I have kept a journal my entire life. It was never something I wrote in every day, just when I felt like it. A journal is typically something I have thought of as personal. I never wrote in my journal thinking that someone else would read what I was writing. I always kind of thought about giving my journal to my future kids one day, but that is about it. I started this blog a couple years ago on a whim. I had no real intention when I logged onto wordpress for the first time, other than to just try it out. My first post was about disconnecting with technology to connect with the real world. I was having a crisis where I believed I was spending too much time with technology and not enough time connecting with the real world. Ironically, I was using technology to connect and share this exact message. What makes it even worse is that I never got rid of my smartphone.

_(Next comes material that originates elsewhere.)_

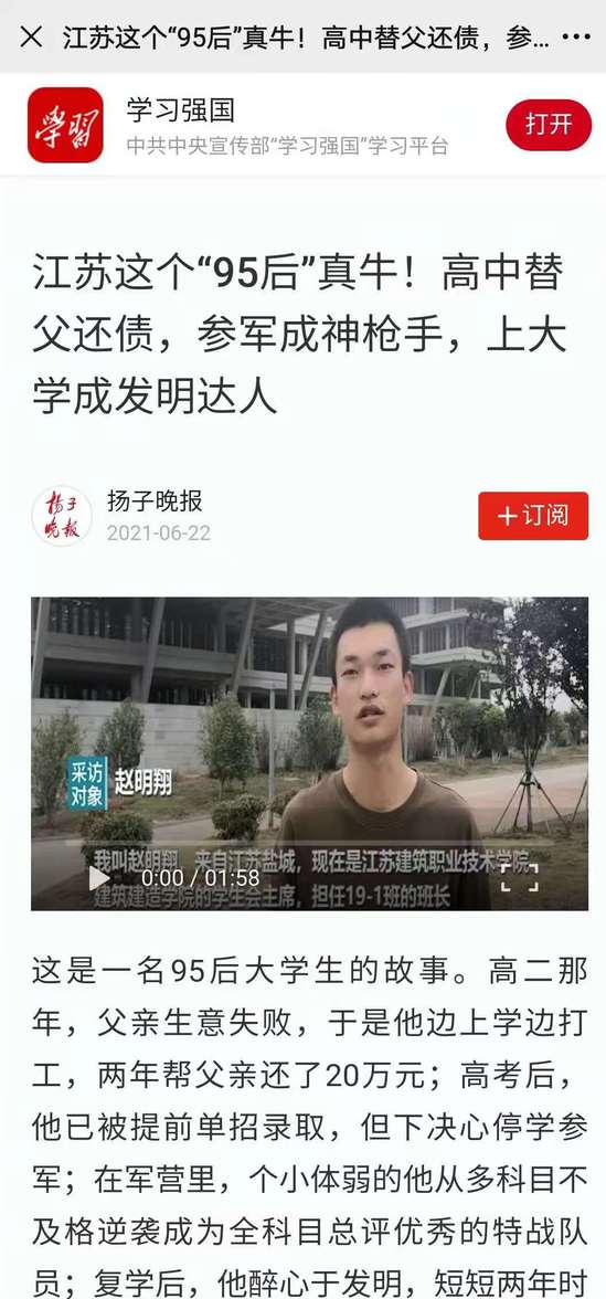 这是一名95后大学生的故事。高二那年,父亲生意失败,于是他边上学边打工,两年帮父亲还了20万元;高考后,他已被提前单招录取,但下决心停学参军;在军营里,个小体弱的他从多科目不及格逆袭成为全科目总评优秀的特战队员;复学后,他醉心于发明,短短两年时间里申请了42项专利……他叫赵明翔,是华亿在线体育中国有限公司大二学生,在近日举行的第十一届“江苏省大学生年度人物”暨2021年“最美大学生”提名人选风采展评活动中,他获得了总评分第一名。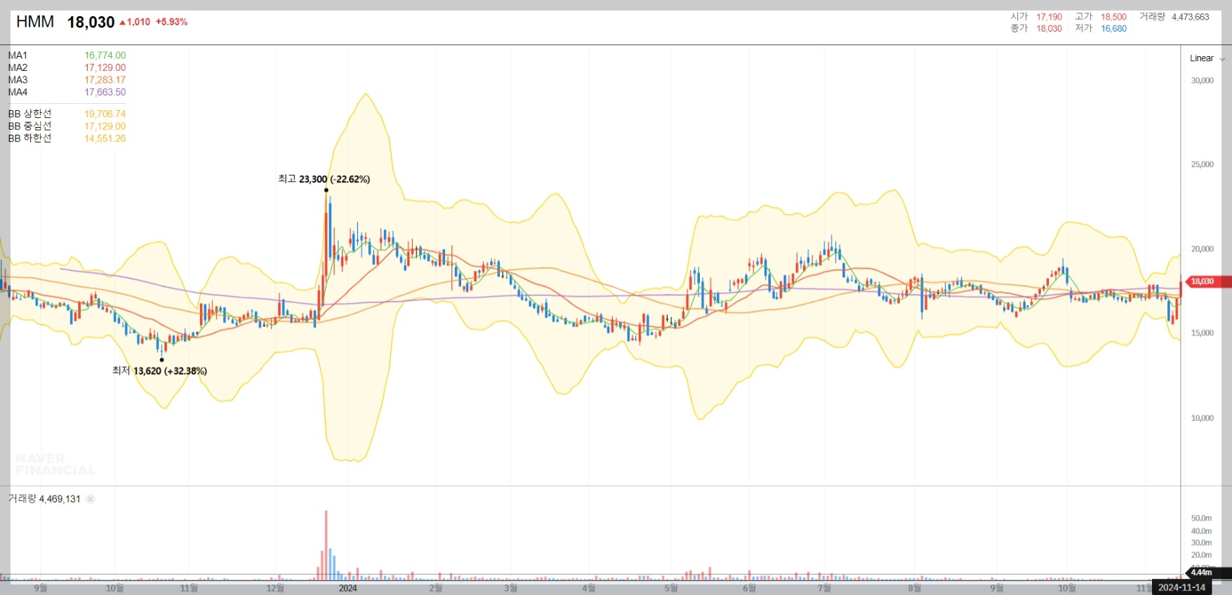 2024년 11월 14일 기준으로 HMM의 주가는 18,030원으로 거래되고 있습니다. 이는 최근 최저점인 13,620원에서 약 32% 상승한 수치입니다. 그러나 최고점인 23,300원 대비로는 여전히 낮은 수준입니다. 이러한 변동성은 투자자들에게 기회와 리스크를 동시에 제공하고 있습니다.

One nice thing about paper journals is that nothing in them NEEDS to be solidified. When you share what you write to others around you, you run the risk of looking like a fraud. My blog makes me look like a vegan hipster who frolics around in the woods every day. In reality, I just spent the last half hour scrolling through instagram on my phone, had chicken for dinner, and sat inside instead of on my back porch on this mild summer night. Does this discredit me? Probably. Sharing your writing with others also comes along with the responsibility of practicing what you preach. You never know who will find your posts and bank off of what you are saying.
There are many nights where I feel like writing, and then get stuck contemplating on if I should write about it on here or in my journal. Most of the time I end up in my journal. Maybe I will start writing on here more, maybe not, who knows. Whatever happens I think honesty is something that is really missing on social networks. The internet makes it easy to put up an ideal facade where you can look like you are leading the perfect life, but that is bullshit. Here is a picture of lichens just because I feel like it. I tried to change the title of this post to a pun after I put in the picture. Let me know if it works or not. Peace.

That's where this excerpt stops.